CAPITOLO 5
Ricoveri per Rivascolarizzazioni e Amputazioni
L’amputazione dell’arto inferiore è un ricovero che coglie bene l’inefficacia del sistema di cura del diabete. I diabetici rappresentano circa il 60 % di tutti i ricoveri per amputazione non traumatica. L’Istituto Superiore di Sanità (ISS), analizzando il periodo 2001-2009, riscontra nella popolazione diabetica un aumento delle amputazioni minori da 7,1 dimissioni/100.000 residenti nel 2001 a 9,3 nel 2009, mentre le amputazioni maggiori si sono ridotte da 4,3 a 3,8. Il tasso di 3,8 è identico a quello della popolazione generale nel 2009, ma dato che i diabetici sono circa tra il 5 e il 6% della popolazione questo indica che il tasso nella popolazione diabetica è circa 20 volte più elevato che nella popolazione non diabetica. Nel periodo 2001-2009, sebbene i tassi totali di ospedalizzazione siano rimasti alquanto stabili, il tasso relativo alle amputazioni maggiori è diminuito di circa il 30%. Anche questo tipo di ricoveri ha una notevole variabilità regionale, oscillando per l’amputazione maggiore da 0,7 a 5,3 per 100.000 residenti, senza però alcuna evidenza di un gradiente Nord-Sud. Anche il Piano Nazionale Esiti (PNE) mostra una sostanziale stabilità del tasso di ospedalizzazione medio per amputazioni sia maggiori che minori dell’arto inferiore da 12,4 ricoveri per 100.000 abitanti nel 2005 a 12,9 nel 2009, con una variabilità molto accentuata che va dal tasso di 2 ricoveri per 100.000 abitanti nelle province di Arezzo e Isernia a 25 nella provincia di Siracusa 10.

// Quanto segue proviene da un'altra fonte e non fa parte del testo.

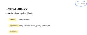 The first exercises I did was a free write for fifteen minutes. It was 600+ words long, which was much too long for most of the exercises. 250 words seems like a good setting for now.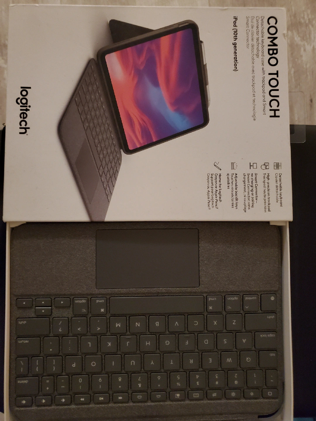 Selling a Logitech Combo Touch keyboard case with trackpad and Smart Connector technology for the iPad (10th generation) - Detachable keyboard - High-precision trackpad - Smart Connector: no charging or pairing - Adjustable backlit keys - Home for Logitech Crayon or Apple Pencil Box included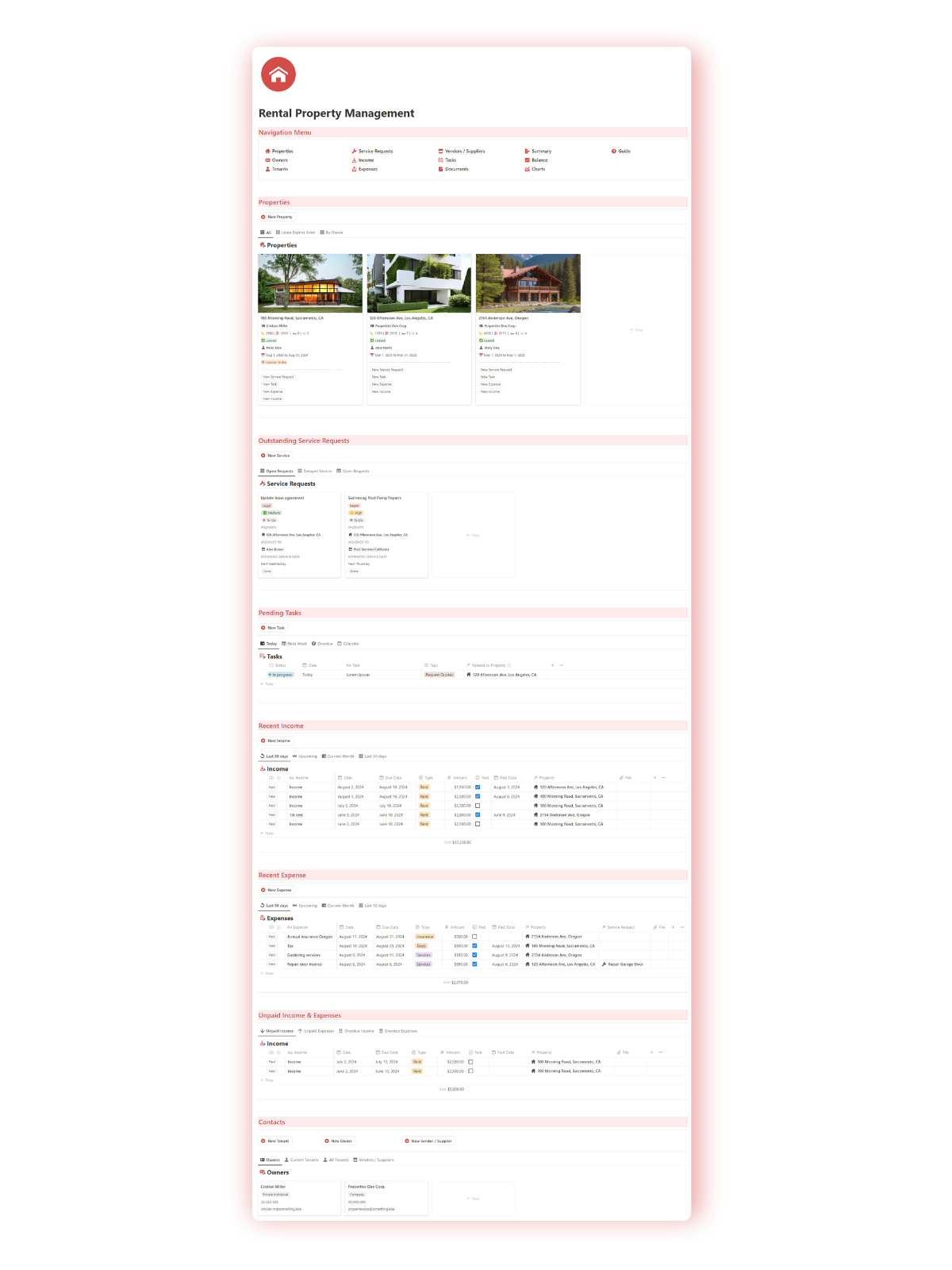 More info on the websiteThis Notion template includes a diverse set of purpose-built databases to address every key aspect of rental management. Here's what you'll find: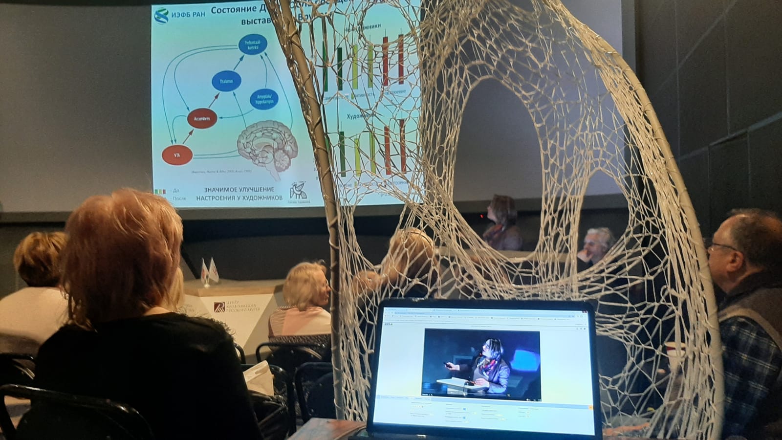 О полученных данных эксперимента и визуализации их в мультимедийной экспозиции в онлайн-презентации из Центра мультимедиа 17 ноября рассказали ведущий научный сотрудник ИЭФБ РАН, кандидат биологических наук Наталья Вячеславовна Шемякина и зав.отделом «Центр мультимедиа Русского музея» Светлана Владимировна Бирюкова, а также Стафеев Сергей Костантинович, д. т. н., профессор, сотрудник международной лаборатории «Нейрофизиология виртуальной реальности», сотрудник международной лаборатории «Нелокальная плазма в нанотехнологиях и медицине», и Шелепин Константин Юрьевич, к.м.н., сотрудник лаборатории психофизиологии речи Института физиологии им. И.П. Павлова РАН. В этот день выставка была открыта для гостей Санкт-Петербургского культурного форума.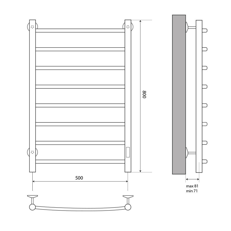 Полотенцесушитель электрический Melodia Country Electro Ferrum 500х800 П8_4x4 cухой ТЭН 115Вт встр.диммер черный (MTRСEF5080bk)
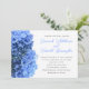 Light blue hydrangea flowers wedding invitations. White paper with black printed text. Full names of the bride and groom are in blue script. The back of the paper is covered in light blue flowers.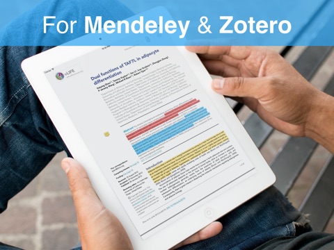 SYNC | Always stay up to date between your mobile library and your desktop application. Once you add or annotate a PDF, it will wirelessly be saved on the Mendeley/Zotero platform to be available on all of your devices.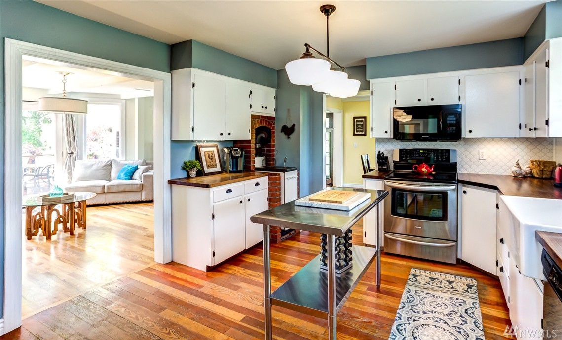 1910 Farmhouse 3 bed/1.75 bath w/contemporary craftsman touches throughout! 4+ manicured acres, 2-story country barn perfect for entertaining and ready for your animals, dog kennel, chicken coop and garden space! Beautifully remodeled kitchen, bathroom, new light fixtures, interior paint, wood fireplace, wood floors throughout, outdoor BBQ, and brand new deck. 900+ sq ft. partially finished basement. HUGE shop building plus/3 car garage & much more!

Il tasso di ricovero per patologie del piede è determinato prevalentemente dai ricoveri per aterosclerosi e per ulcera agli arti inferiori. Negli anni si osserva una variazione dei ricoveri per patologie legate al piede diabetico senza un trend chiaramente identificabile; è possibile che variazioni nelle modalità di
codifica possano aver influenzato questi dati. Mentre i ricoveri per patologia aterosclerotica con ulcera o gangrena mostrano un trend di incremento negli anni. Dai dati relativi agli interventi e procedure sull’arto inferiore si evidenzia negli anni 2001-2009 un progressivo e significativo incremento nel numero di rivascolarizzazioni arteriose agli arti inferiori da 8,0 a 19,6 per 100.000 abitanti. Tuttavia, mentre le rivascolarizzazioni endoluminali sono aumentate da 3,9 a 16,2, le rivascolarizzazioni chirurgiche sono diminuite da 4,0 a 3,0 per 100.000 abitanti. Nello stesso periodo il Tasso di dimissione per amputazione nelle persone con diabete varia da 12,0 a 14,7 per 100.000 residenti, e da 4,3 a 4,2 per 100.000 se si considerano solo gli interventi di amputazione maggiore.
Le amputazioni sono più frequenti tra gli uomini, con un tasso di circa due volte superiore a quello delle donne e sono fortemente associate all’età, con valori prossimi allo zero prima dei 40 anni e successivamente crescenti esponenzialmente con l’età con valori, nel 2009, pari a 50 per 100.000 residenti nelle persone con più dio 70 anni.
Rivascolarizzazione
Nei pazienti diabetici la microangiopatia si localizza frequentemente a livello degli arti inferiori configurando il quadro di arteriopatia ostruttiva periferica che caratteristicamente non presenta differenze legate al sesso. La rivascolarizzazione deve essere effettuata precocemente, identificando i vasi distali che possano garantire il ripristino del flusso arterioso dell’arcata plantare.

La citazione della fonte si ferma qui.